“Let’s get on with it, then,” the Graf said.
The doctor signaled the soldier to open the gate, and then got onto the running board of the Horch.
Peter drove through the gate, which belonged to the middle of the three villas. The doctor signaled him to drive to the right, toward the villa where Claus had his room. The Major stepped off the running board when Peter stopped the car.
“If you will come with me, gentlemen,” he said, then turned to the Graf. “I regret the inconvenience, Herr Generalleutnant.”
The Graf didn’t reply, but the moment they were inside the foyer of the villa, he looked at the Major. “Is Graf von Stauffenberg still in the room at the left corner of the second floor?” he asked, gesturing toward the wide staircase.
“Yes, Herr Generalleutnant, he is. Has the Herr Generalleutnant been here before?”
“You go up, Peter, while I deal with the Munich Area Medical Commandant. I’ll see you in a moment.”
The Major was visibly uncomfortable with that announcement, but in the German Army, as in any other, majors do not challenge general officers.
Peter went up the stairs and started down the wide corridor to the left. A doctor in a white smock and a nurse were in the corridor, about to enter one of the rooms. The doctor looked at him curiously but said nothing.
Peter continued down the corridor to the door that was almost certainly the one he wanted and knocked. When there was no answer, he knocked again, and harder. The door was obviously thick, and would mute the rap of his knuckles.
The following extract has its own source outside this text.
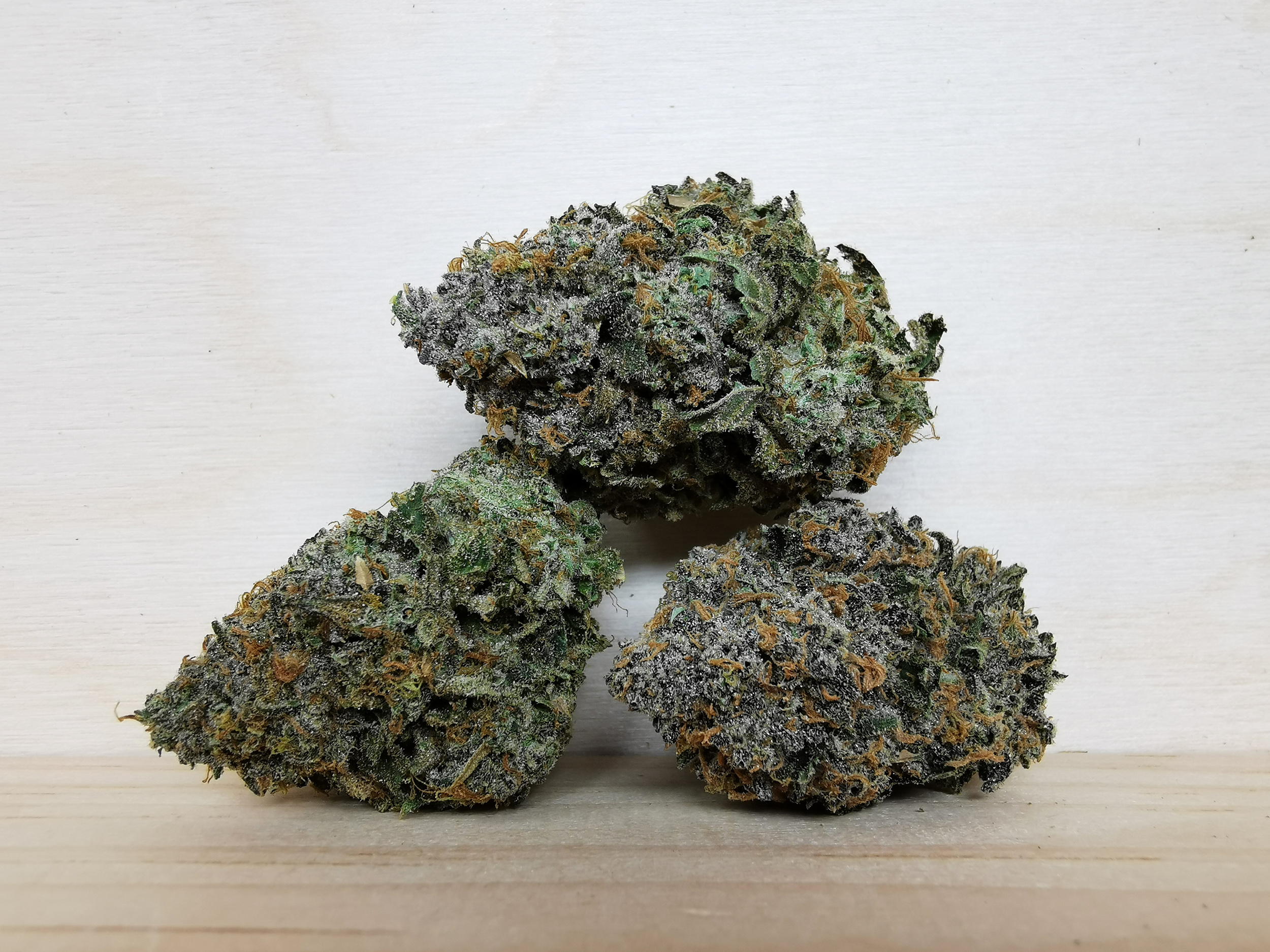 Mint Chocolate Chip is an evenly balanced hybrid (50% indica/50% sativa) strain created through crossing the delicious SinMint Cookies with the infamous Green Ribbon BX strain. This tasty bud packs the flavor you know and love from SinMint Cookies together with the energetic high of Green Ribbon for an amazing experience. Mint Chocolate Chip has a flavor you’d expect, chocolate nutty cookies with a punch of sharp mint! The aroma is a little different, taking on an earthy overtone with hints of rich spices and dank mocha as the nugs are burned. The Mint Chocolate Chip high comes on immediately after your first toke, smashing into your mind and launching it into a state of uplifted energy. You’ll feel motivated and focused with an urge to create. As your mind lifts higher and higher, your body will remain grounded in deep physical relaxation that is almost sedative in nature. Thanks to these full bodied effects and its high 18%+ average THC level, Mint Chocolate Chip is said to be perfect for treating conditions such as chronic pain, headaches, appetite loss, depression, and chronic fatigue. This bud has small round furry dark olive green nugs with orange furry hairs and bright white crystal trichomes.

When again there was no answer, he tried the handle, then pushed the door open.
When Oberstleutnant Graf Claus von Stauffenberg heard the first faint knock, he was sitting in an upholstered chair, facing the door opening to his balcony. He ignored the knock. He was occupied, and preferred not to be disturbed. He was buttoning his shirt. This simple task was now possible, but very time-consuming.
His equipment for accomplishing that task was a three-pronged claw—the thumb and the first and second fingers of his left hand.
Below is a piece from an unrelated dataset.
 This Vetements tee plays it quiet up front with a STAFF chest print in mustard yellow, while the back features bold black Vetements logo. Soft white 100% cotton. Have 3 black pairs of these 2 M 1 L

The stump where his right hand had been was for all practical purposes useless. Moreover, it was taking an unusually long time to heal. The suppuration had only started to diminish in the last few days, but the bandage still had to be changed at least twice a day, Thus, even trying to use it was painful.
It was difficult to force the button through the buttonhole with the claw, but he was getting much better at it, probably because he had been able to bring the three remaining fingers back to some measure of flexibility by faithfully exercising them.
The surgeons had done a splendid job with his now-empty left eye socket. One of the doc
tors believed an artificial eye might be fitted after another operation or two. But the eye—or, properly, the lost eye—didn’t bother him at all except when he washed his face and the empty socket stared at him from the mirror. There was no pain, and he didn’t have as much trouble with lost depth perception as he had feared. The ugliness could of course be concealed beneath his eye patch, which was in any case necessary to keep the still-raw socket from becoming infected.
There was a second, louder knock, and a moment later Claus von Stauffenberg heard the door quietly creak open. He did not turn to see who it was, primarily because he didn’t care.
Nina, his wife, the Grafin von Stauffenberg, would not be able to visit until the following Friday. A personal appeal to the Munich Area Medical Commandant—he was a friend of a friend—had gotten her a waiver to the No Visitors Rule, but for only four hours every other Friday.
The silver lining to the black cloud of No Visitors was that he was no longer subjected to almost daily visits from adolescent girls of the Bund Deutscher Mädel, the League of German Girls, who felt it was their patriotic duty to come to Recuperation Hospital No. 15 to stare with pity at the mutilated heroes of the Third Reich.
That meant that whoever was entering the room was staff, which term included everyone from the surgeon-in-charge to a cleaning woman.
“Don’t tell me,” a somehow familiar voice said, “he said ‘shut up’ and you thought he said ‘stand up.’”
He turned in curiosity.
“How are you, Claus?” Peter asked.
Von Stauffenberg held up his claw and stump and pointed at his eye patch. “How do I look, Hansel?”
“Goddamn you, don’t call me that!”
“If you promise to try not to blaspheme, I’ll try not to call you Hansel, Hansel.”
Von Stauffenberg lifted himself out of his chair. After a moment’s hesitation, they embraced. It seemed to embarrass them both. After a moment they stepped apart. “How did you get in?” von Stauffenberg asked.
“My father’s downstairs,” Peter said.
“You’re supposed to be in Argentina,” von Stauffenberg said.